«On l’aurait retrouvé au bout d’une corde»

25 novembre 2009
Karl Laske Libération - Photo Thierry Zoccolan AFP

«Il y a des moments où on est vulnérable, et des gens sont payés pour le savoir», a confié Jean-Hugues Bourgeois à un proche. L’éleveur de 30 ans, installé à Saint-Gervais-d’Auvergne (Puy-de-Dôme), a vécu sous les menaces pendant six mois avant de devenir témoin à charge dans l’affaire Tarnac. Ses chèvres avaient été tuées, ses granges incendiées et des agriculteurs du cru soupçonnés de vouloir récupérer ses terres. En juin, il a été lui-même mis en examen pour «dénonciation de faits imaginaires» sur la base d’une expertise graphologique. «Il n’y a aucun élément objectif qui permette de dire qu’il ait lui-même tué ses chèvres, brûlé ses granges et son foin», s’insurge son avocat, Me Jean-Louis Borie.

 

Originaire des Hautes-Alpes, Jean-Hugues Bourgeois s’est installé en 2006 dans le massif des Combrailles sur un terrain humide, entouré de bois. Il construit un chalet, une serre, pose une caravane et une roulotte. Il fait creuser un étang. Les amis viennent de partout.«Le soir, ils refaisaient le monde ici, se souvient Michel Message, un agriculteur proche de la retraite. C’était pas fameux comme terrain, je lui ai proposé la moitié de ma propriété.» Après une adolescence militante à l’extrême gauche, Bourgeois s’est rapproché des autonomes dans les manifestations anti-G8 de Gênes et de Genève. Sa sœur appartient au réseau des coopératives Longo Maï et l’oriente vers l’agriculture bio. Il se range et démarre un élevage chevrier, construit une petite fromagerie, tout en tenant la permanence juridique de la Cimade à Clermont-Ferrand.

 

Pistolet.

Le village de Tarnac et la ferme du Goutailloux, à cent kilomètres de là, il les découvre avec un ami, ancien de Longo Maï, qui s’y est installé. Bourgeois leur vend des chèvres, leur emprunte un bouc.

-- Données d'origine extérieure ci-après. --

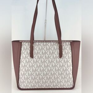 Stylish and versatile, this Michael Kors tote bag features a chic brown and white design.
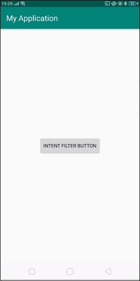 <?xml version="1.0" encoding="utf-8"?> <LinearLayout xmlns:android="http://schemas.android.com/apk/res/android" xmlns:app="http://schemas.android.com/apk/res-auto" xmlns:tools="http://schemas.android.com/tools" android:layout_width="match_parent" android:layout_height="match_parent" android:gravity="center" android:orientation="vertical" tools:context=".MainActivity"> <Button android:id="@+id/buton" android:layout_width="wrap_content" android:layout_height="wrap_content" android:text="intent filter button" /> </LinearLayout>
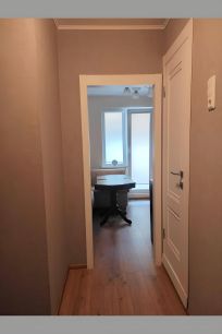 Обои под покраску, на кухне и в коридоре новый водоотталкивающий ламинат, установлены новые межкомнатные двери.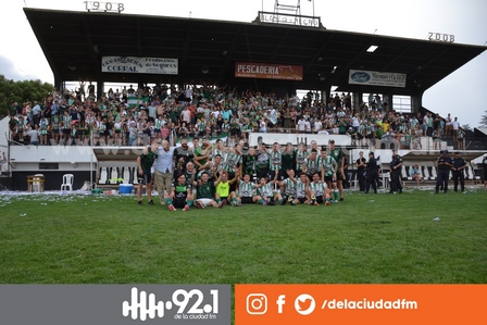 Tras la victoria llegó el momento de la celebración para los jugadores del conjunto qu superó 2 a 0 a Sarmiento de Pigüé.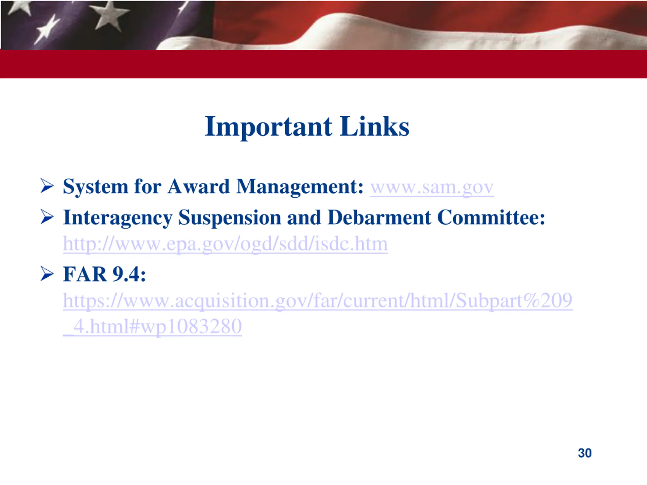 Important Links System for Award Management: www.sam.gov Interagency Suspension and Debarment Committee: http://www.epa.gov/ogd/sdd/isdc.htm FAR 9.4: https://www.acquisition.gov/far/current/html/Subpart%209 _4.html#wp1083280 30

Le 31 mars 2008, des anonymes frappent son troupeau de chèvres durant la nuit. Dans l’enclos qu’il vient de construire, dix chèvres sont tuées à coups de pistolet d’abattage. Message, son ami, peste contre le juge qui soupçonne Bourgeois d’être l’auteur de ces méfaits : «Un juge qui raconte des trucs comme ça, je le ferais entrer dans un troupeau et essayer d’en tuer une seule, il verrait comment ça se passe !»

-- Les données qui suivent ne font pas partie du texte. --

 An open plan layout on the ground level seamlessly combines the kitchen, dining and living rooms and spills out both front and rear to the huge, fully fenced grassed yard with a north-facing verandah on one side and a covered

Pour la presse, Bourgeois devient «l’éleveur bio harcelé». Une association est montée. La Confédération paysanne le soutient. Mais les mauvais coups continuent. «Les gens d’ici n’arrivent pas à comprendre qu’on puisse aider un jeune, explique Michel Message. Ils se disent : « Si Message n’a pas d’héritier, la terre est pour nous ! »»

Des fers à béton sont plantés dans ses champs pour crever les pneus ou casser la faucheuse. Une lettre anonyme menace de viol sa fille de huit ans. Deux incendies détruisent ses réserves de foin bio. Début octobre, le feu ravage la grange de Message : 35 tonnes de foin et 10 tonnes de grain appartenant à Bourgeois partent en fumée. «Monsieur Bourgeois était catastrophé», dit une voisine. Sous le choc, il décide de partir en Bretagne, en décembre 2008. «Je lui ai dit que s’il était resté au pays on l’aurait retrouvé au bout d’une corde», confie Message.

 

ADN.

Au printemps, alors qu’un militant du Front national parisien a été confondu par une trace d’ADN sur une lettre de menaces, Bourgeois est soumis à une expertise graphologique. «L’expert considère que la lettre anonyme en forme de cercueil a vraisemblablement été écrite par vous», avance le juge de Riom, Bruno Méral, qui admet que l’écriture bâton employée «ne permet pas un examen comparatif complet». Bourgeois s’insurge, et se plaint des conditions de l’expertise. Mais le juge le met en examen. «Rien ne vous empêchait d’aller à la grange et d’allumer vous-même l’incendie», déclare-t-il. Poussant les investigations, le juge s’est penché sur le dossier scolaire de Bourgeois. «A l’âge de 14 ans, vous déclariez fabriquer de petits engins explosifs et allumer des petits feux», remarque-t-il. «Vous déclariez vouloir être plus tard chimiste ou terroriste…»«J’avais 14 ans !» a protesté Bourgeois. L’enquête est au point mort.